The abandonment of the so-called "Hastings Agreement",under which unions help fund researchers and constituency workers for about 165 MPs, comes ahead of the start on 31 March of the new Nolan committee rules on registration and disclosure of outside financial interests.

The key element of the new rules, the product of months of consultation, is that while unions will still be able to choose which constituencies they support this must not depend on the identity of a particular candidate.

Labour believes that cash paid to constituencies under the new arrangement will not have to be registered and declared - although it may well recommend MPs and unions to do so. Tory MPs are likely to argue that the scheme falls within the new Nolan rules as Labour MPs would still be receiving indirect benefits from unions.

Labour hopes that under its rules, unions will choose to divert funding to marginal constituencies where the need for funding is far greater than in the safe Labour seats they have traditionally supported.
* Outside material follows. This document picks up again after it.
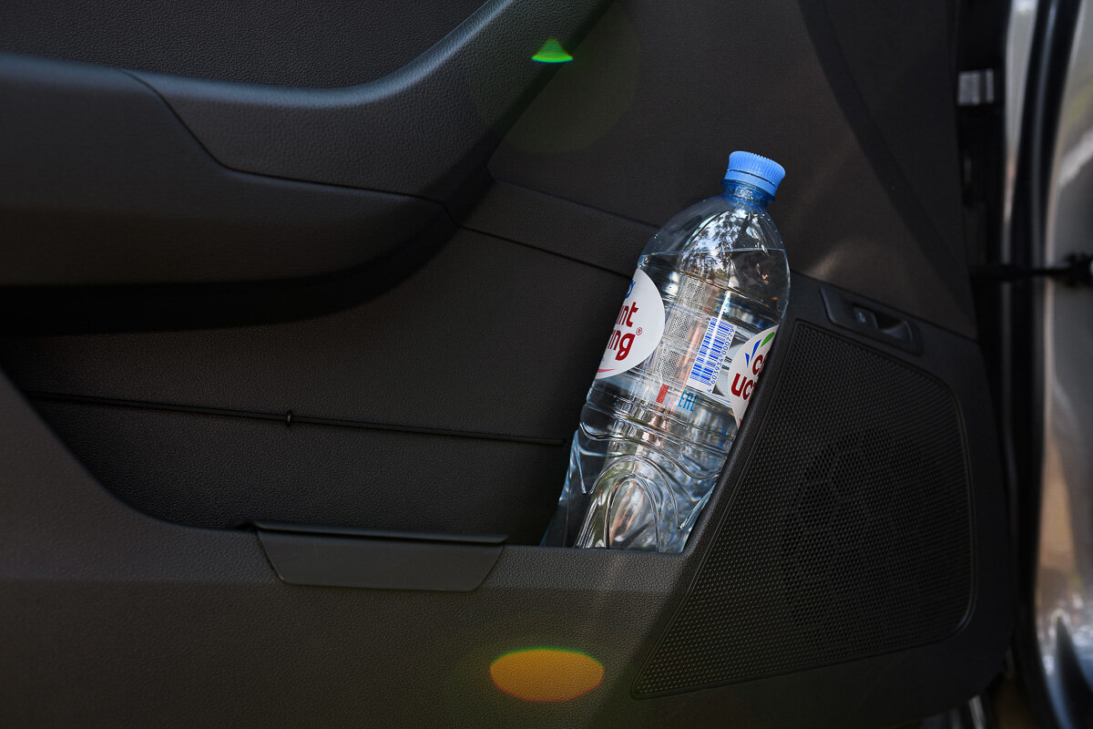 Skoda не была бы Шкодой, если не продумала множество удобных штук. Тут карманы в дверях, куда влезает полуторалитровая бутылка, резинка в остальной части кармашка, чтобы придерживать мелочёвку. Есть микромусорка (опция), хотя все, по привычке, будут пользоваться простым пакетом, но если вы любите порядок, то отличный вариант.

Under the Hastings agreement, cash is paid to MPs' constituencies rather than their own pockets and is used to pay for staff and other constituency expenses. Unions are allowed to give pounds 750 a year and contribute up to 80 per cent of MPs' election expenses.

The move will be welcomed as another step in Tony Blair's modernisation of the Labour party, but union sources stressed yesterday that it was the Transport & General Workers' Union and the GMB that first proposed the idea. All 29 affiliated unions have endorsed the plan.